### Work to be completed
Output, word for word, the lines of this listing that fall between the line with "Los datos de" and the line with "Londra, British Library, Harley", counting both of those lines, and no others.

### Data to examine
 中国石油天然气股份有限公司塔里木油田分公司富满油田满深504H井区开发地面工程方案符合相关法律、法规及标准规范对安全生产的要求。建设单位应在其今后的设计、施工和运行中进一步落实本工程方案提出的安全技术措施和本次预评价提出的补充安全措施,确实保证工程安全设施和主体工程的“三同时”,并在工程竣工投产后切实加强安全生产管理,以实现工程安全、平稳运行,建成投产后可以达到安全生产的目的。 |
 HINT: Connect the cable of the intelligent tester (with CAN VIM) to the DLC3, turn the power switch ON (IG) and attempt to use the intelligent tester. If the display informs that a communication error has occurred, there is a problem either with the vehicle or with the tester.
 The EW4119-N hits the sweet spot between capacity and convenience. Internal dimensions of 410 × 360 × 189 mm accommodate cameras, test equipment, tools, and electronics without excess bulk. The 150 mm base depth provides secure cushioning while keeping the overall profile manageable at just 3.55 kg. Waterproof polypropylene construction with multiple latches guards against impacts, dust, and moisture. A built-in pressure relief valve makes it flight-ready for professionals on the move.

* * *

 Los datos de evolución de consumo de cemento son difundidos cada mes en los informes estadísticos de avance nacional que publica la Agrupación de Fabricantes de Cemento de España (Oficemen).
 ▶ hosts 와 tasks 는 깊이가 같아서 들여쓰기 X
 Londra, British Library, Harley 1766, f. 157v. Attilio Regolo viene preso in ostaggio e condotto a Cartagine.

### Reply to the exercise
 Los datos de evolución de consumo de cemento son difundidos cada mes en los informes estadísticos de avance nacional que publica la Agrupación de Fabricantes de Cemento de España (Oficemen).
 ▶ hosts 와 tasks 는 깊이가 같아서 들여쓰기 X
 Londra, British Library, Harley 1766, f. 157v. Attilio Regolo viene preso in ostaggio e condotto a Cartagine.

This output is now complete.